Fast fashion: easy to buy, easier to throw away

The stylishly minded are advised to look in the mirror before leaving the house and remove one item. In the world of disposable fast fashion, it is likely to end up in a landfill site.

Last month, fashion representatives met at the UN Climate Conference to discuss waste reduction. The volume of garments created makes change difficult. A report from the US National Institute of Standards and Technology notes that fashion brands produce twice as much as they did 20 years ago. Much of that is comprised of cheap garments in the near $100bn fast fashion market.

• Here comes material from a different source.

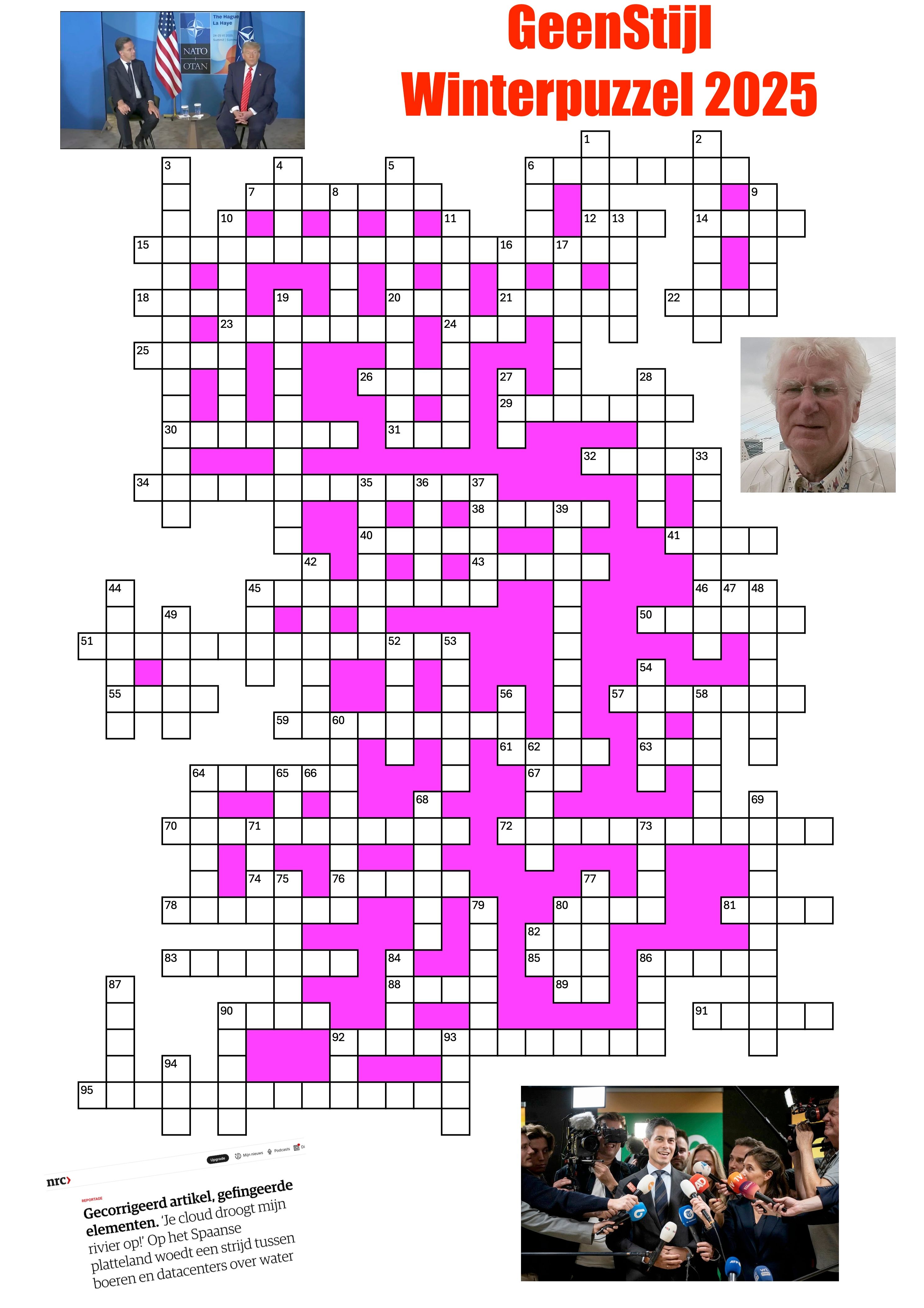 U weet inmiddels hoe het werkt. Uitprinten, invullen, niks winnen. De IJ is 1 letter, cijfers worden dit jaar uitgeschreven, dus als het antwoord '80' is, schrijft u gewoon 'TACHTIG' (dit is een hint, red.). Bij personen is het de ene keer de complete naam, de andere keer alleen de achternaam of alleen de voornaam, net waar we zin in hebben. Veel plezier en tot volgend jaar. Hierrr pdf.
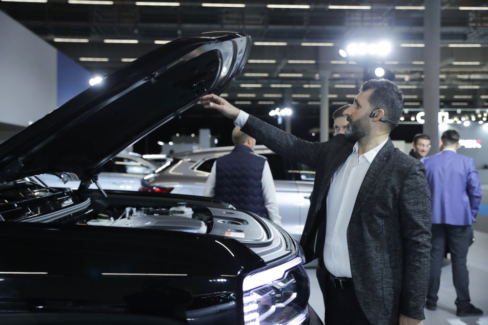 9月11日,人们在德国法兰克福国际汽车零配件及售后服务展览会上参观赛力斯展台。新华社记者 张帆 摄

About 50bn items of clothing are estimated to be thrown away within one year of production. Recycling is labour-intensive. Buttons and zips must be removed and fibres separated. It is far easier to use new plastics.

Chart showing waste generated by the fashion industry by material from 1960 to 2018. Annual total has increased from 35mn tons to 136mn tons over than period. With Textiles having the highest compound annual growth rate at 4%

The result is vast piles of unwanted polyester. In the US, the volume of waste generated by textiles has grown almost 10-fold between 1960 and 2018 (the most recent year of complete data available), according to the Environmental Protection Agency. This is not simply the result of population growth. Per capita, textile waste has grown by more than 50 per cent.

Two-thirds of this will go to landfills, where it will sit for decades. Wool decomposes in a matter of months, putting nutrients back into the earth. Polyester is not biodegradable.

Fast fashion brands promise change. London-listed Boohoo boasts that it is using more recycled materials. Yet analysis of 10,000 fast fashion items by the Royal Society for Arts, Manufactures and Commerce last year found that the majority were still made from new plastics. Consumer spending restraints and rising labour costs suggest sustainability will not be a priority in 2023. McKinsey estimates that fashion sales could fall up to 2 per cent next year.

Industry solutions include lab-grown fibres. Reduced consumption would have a bigger impact. Instead of taking one item of clothing off before leaving the house, the solution is not to buy it in the first place.